(Data entries)
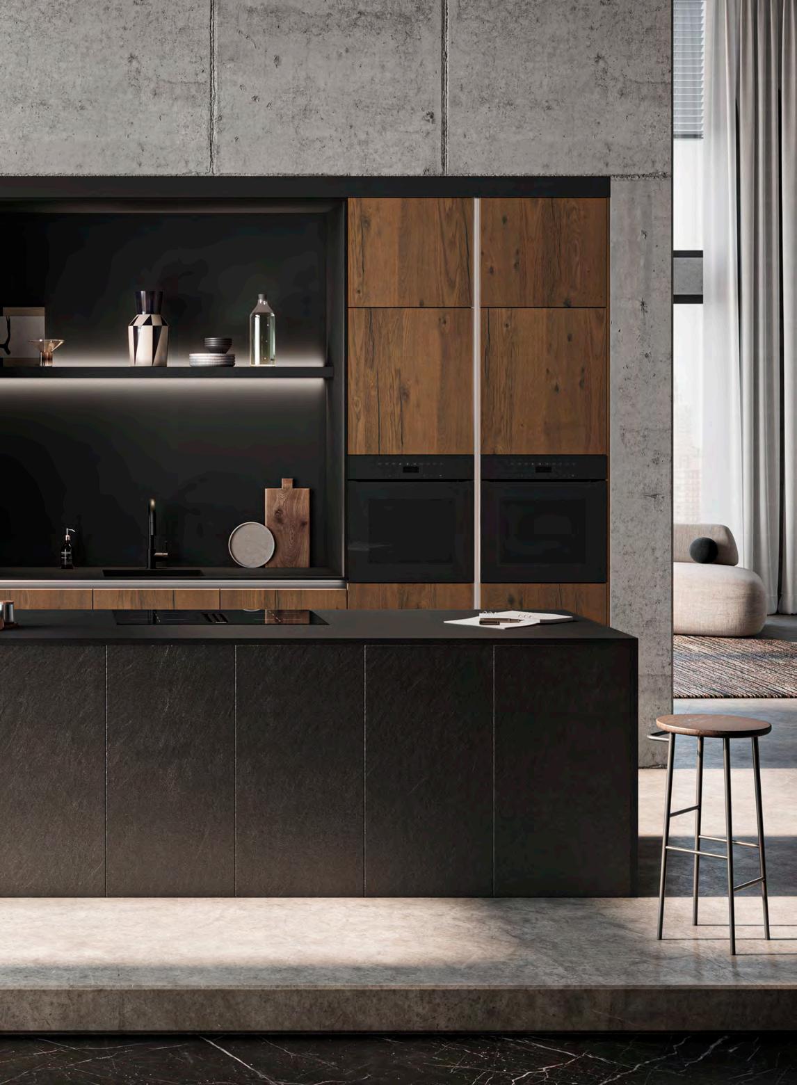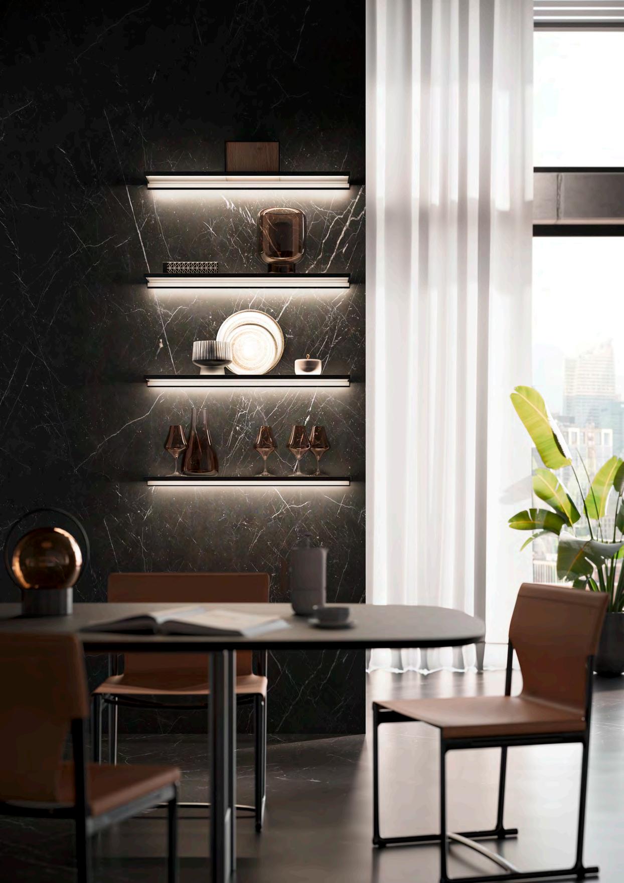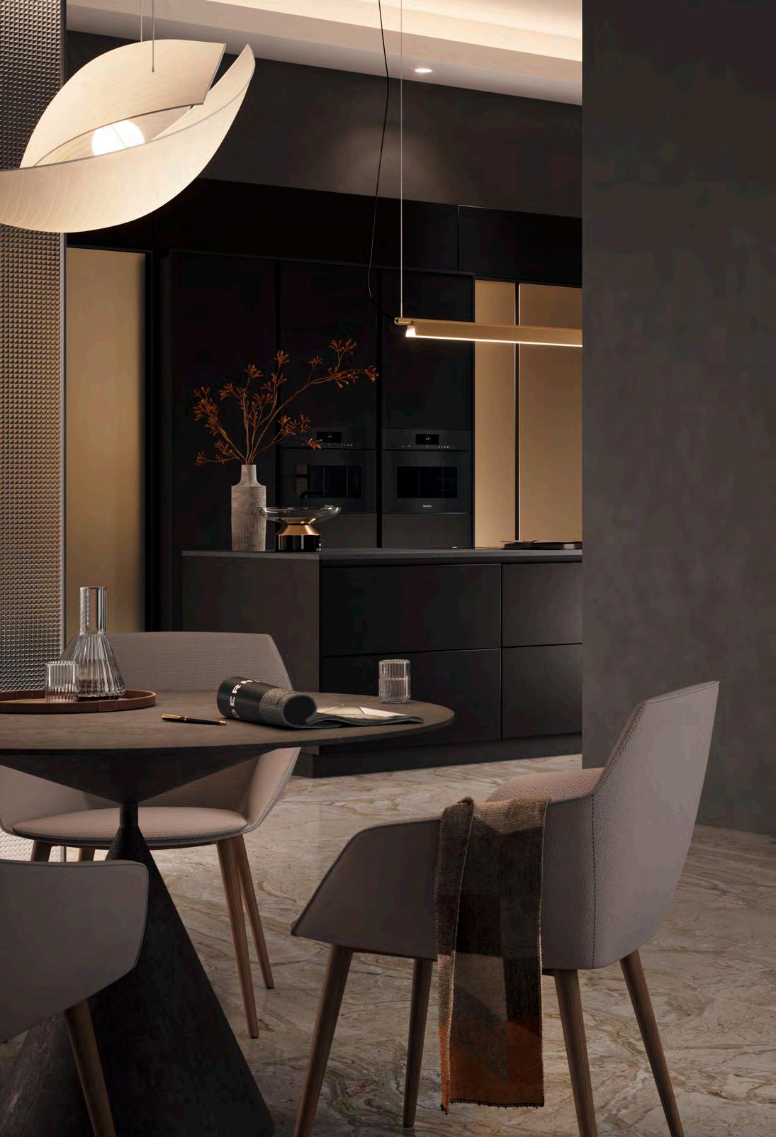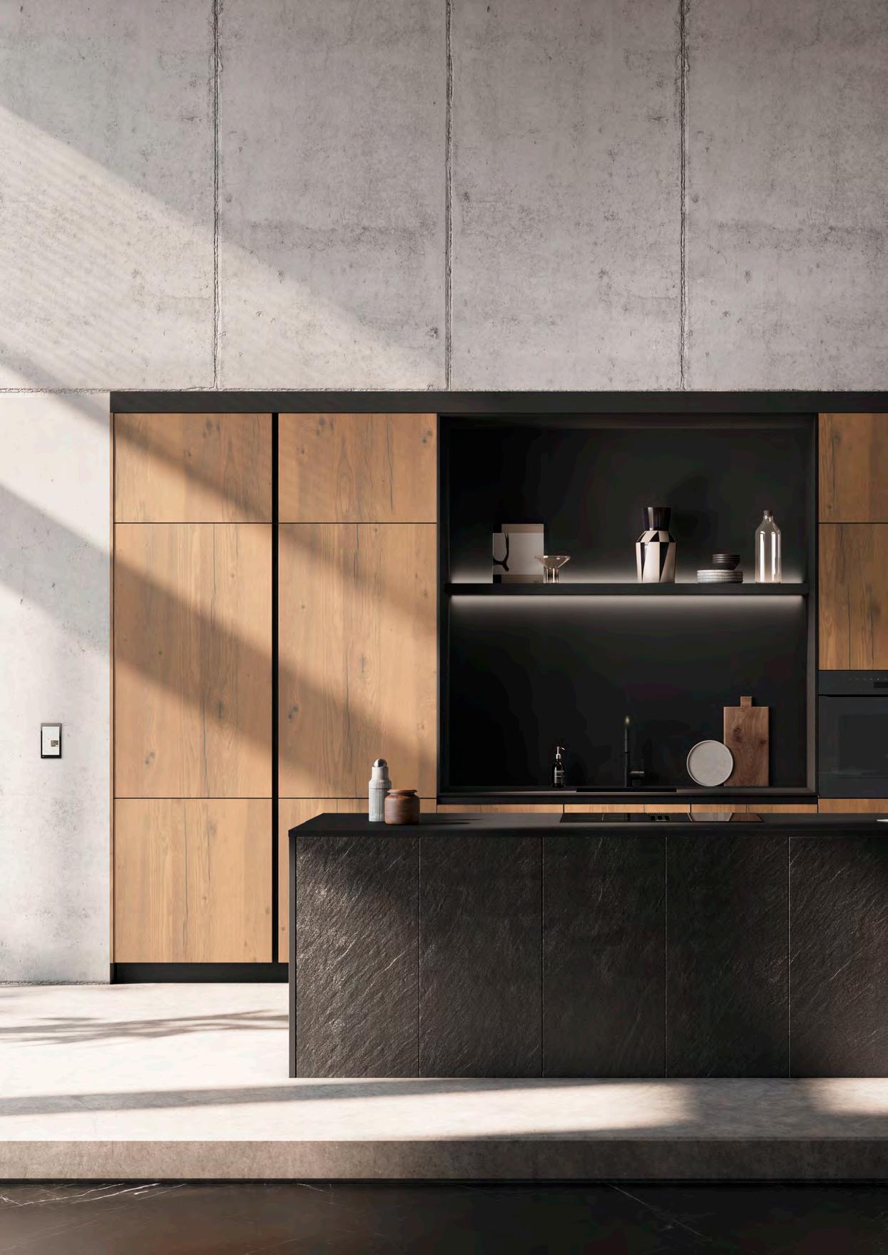 Climber-technologie zorgt voor een revolutie in het keukenontwerp met sensorgestuurde glaselementen die openen en sluiten. Het ontwerp blijft onberispelijk zonder handgrepen of knoppen. Getint zwart glas, omlijst door smalle metalen frames, integreert naadloos in moderne keukenfronten. Led-lampen met kleurtemperatuurregeling plaatsen accenten en presenteren schatten in perfect licht – innovatie ontmoet pure esthetiek.
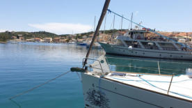 Der Marinero hat noch 2 weitere Helfer, denen wir unsere Festmacherleinen zuwerfen. Letztlich liegen wir längsseits am
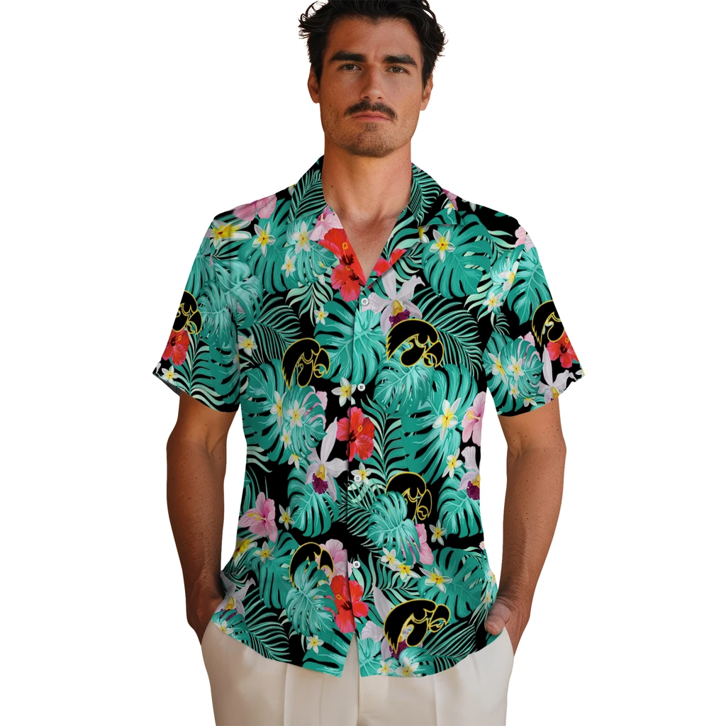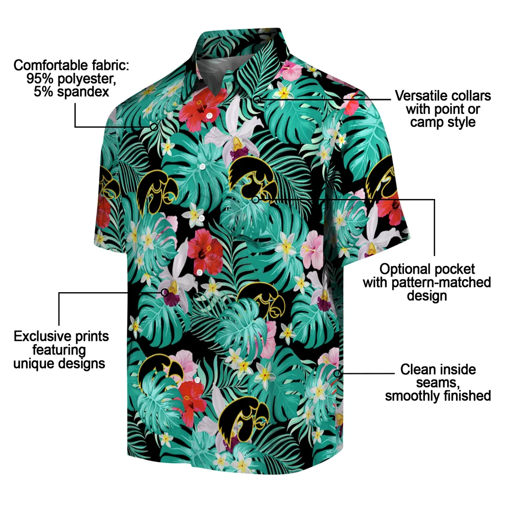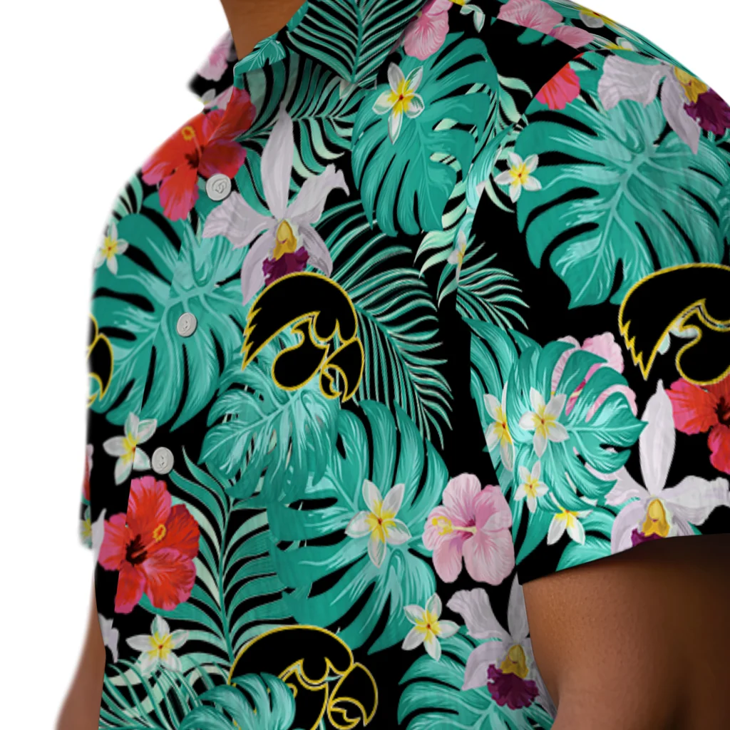 Iowa Hawkeyes Hawaiian Shirt – Custom Hibiscus Blossoms Black
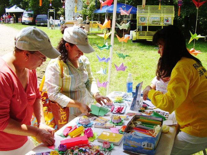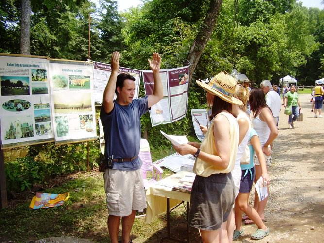 越来越多的游人对法轮功感兴趣,人们静静的观看功法演示,仔细的阅读展板,索取更多的资料,并表示希望学功。很多游人表示已经听说了中国法轮功学员器官遭活体摘取的报道,对中共残酷迫害法轮功学员表示愤怒,并主动要求签名反迫害。
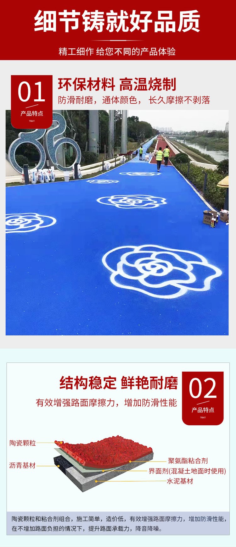 目前传统的沥青路面在刚铺设完成后短期内的防滑性能也非常好,但是经过一段时间的摩擦损耗后,路面表面结构深度就会变小,这样就大大的降低了防滑性能,而陶瓷颗粒防滑路面的特性就是不掉砂,使用一段时间之后也不会降低路面的防滑性能,所以对提升路面行车安全有很大的效果。

§ **PROBLEM REQUIREMENTS**
From the first line to the last, set down the records word for word and drop the images.

§ **THE COMPLETED TASK**
 Climber-technologie zorgt voor een revolutie in het keukenontwerp met sensorgestuurde glaselementen die openen en sluiten. Het ontwerp blijft onberispelijk zonder handgrepen of knoppen. Getint zwart glas, omlijst door smalle metalen frames, integreert naadloos in moderne keukenfronten. Led-lampen met kleurtemperatuurregeling plaatsen accenten en presenteren schatten in perfect licht – innovatie ontmoet pure esthetiek.
 Der Marinero hat noch 2 weitere Helfer, denen wir unsere Festmacherleinen zuwerfen. Letztlich liegen wir längsseits am
 Iowa Hawkeyes Hawaiian Shirt – Custom Hibiscus Blossoms Black
 越来越多的游人对法轮功感兴趣,人们静静的观看功法演示,仔细的阅读展板,索取更多的资料,并表示希望学功。很多游人表示已经听说了中国法轮功学员器官遭活体摘取的报道,对中共残酷迫害法轮功学员表示愤怒,并主动要求签名反迫害。
 目前传统的沥青路面在刚铺设完成后短期内的防滑性能也非常好,但是经过一段时间的摩擦损耗后,路面表面结构深度就会变小,这样就大大的降低了防滑性能,而陶瓷颗粒防滑路面的特性就是不掉砂,使用一段时间之后也不会降低路面的防滑性能,所以对提升路面行车安全有很大的效果。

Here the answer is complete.